To investigate the ability of the polymers to reform their original volume through the reverse cis-to-trans photoisomerisation, the 3D printed polymer hydrogels were exposed to ambient light conditions for 3 days. While many of the polymer hydrogels exhibited a high level of recovery of their original volume, other lattices showed almost no change. Structures with the octahedral architecture were best able to regain their shape and volume via the reverse photoisomerisation as this structure appears to accommodate such dimensional adjustments when compared to the diamond lattice. Interestingly, formulations containing the monofunctional monomer 1 returned more readily to their original shape, demonstrating the importance of the balance between cross-linking and molecular isomerisation.

To further optimise the shape and volume change in the photoresponsive polymer hydrogel, a more extensive screening in lattice design was undertaken. Lattice structures based on the gyroid minimal surface were designed using in-house AM design software.55 Each lattice had dimensions of (10 × 10 × 10) mm, with cell numbers along each direction of between 3 and 7. The lattices possessed volume fractions (i.e., the ratio of solid volume to total volume) between 0.05 and 0.15. The gyroid lattice was chosen for this study as its manufacturability with a range of AM processes has been widely demonstrated56,57 and it has greater specific surface area than many conventional, strut-based designs. From the screening study, a lattice with a cell wall size of 10 mm and 3 unit cells provided the best printed structures (Fig. 4A and B).

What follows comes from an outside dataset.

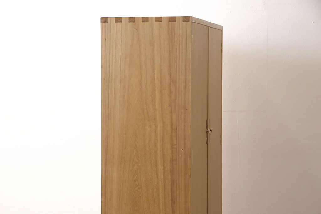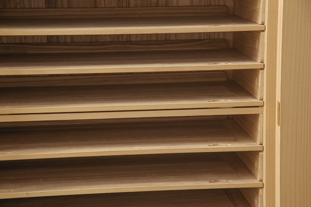 和箪笥> 衣装箪笥 > 中古 美品 伝統工芸士・吉沢昭次作 小振りなサイズがお部屋に取り入れやすい加茂総桐帯箪笥(板盆付き、胴厚、桐たんす、洋服タンス、着物箪笥、和タンス)(R-053495)

image file: d5ma00670h-f4.tif
Fig. 4 (A) Lattice designs with increasing cell wall thickness and decreasing number of unit cells, (B) the highlighted design was found to have the best printed resolution (insert), (C) 3D Printed lattice of formulation F7 containing 0.6 mol% of methylene blue.

In order to review the effect of the photo-induced isomerisation of the hydrogel on the release of a model payload, methylene blue was incorporated into the resin formulation. As methylene blue has a low absorbance at 385 nm, the dye was not expected to interfere with the printing by absorbing the UV radiation. As methylene blue has a high extinction coefficient (ε = 87[thin space (1/6-em)]000 M−1 cm−1) and absorbs in a region where the other materials in the formulation had a minimal absorbance (λmax = 660 nm), making it an ideal analyte to track the release of the formulation's payload. The payload was incorporated into formulation F7, which showed the highest amount of UV induced contraction, at a concentration of 0.6 mol%. The resin was printed using print parameters described above which resulted in the dye being successfully dispersed within the polymer network as exemplified by the deep blue colour of the structure. Interestingly, the lattice structures showed an improved definition over previous prints without the dye (Fig. 4C). Galagan et al. have reported58 that ethylene blue is able to react with radicals to form a semi reduced species during a polymerisation. The semi-reduced methylene blue radical could then react with another radical species, leading to termination of both radicals and thus the polymerisation. The ability of methylene blue to react with radicals may have allowed for an increased number of termination events during the propagation of the polymer in the 3D printer, resulting in an increased resolution in the 3D printed structures with no change in the required exposure time between printed layers.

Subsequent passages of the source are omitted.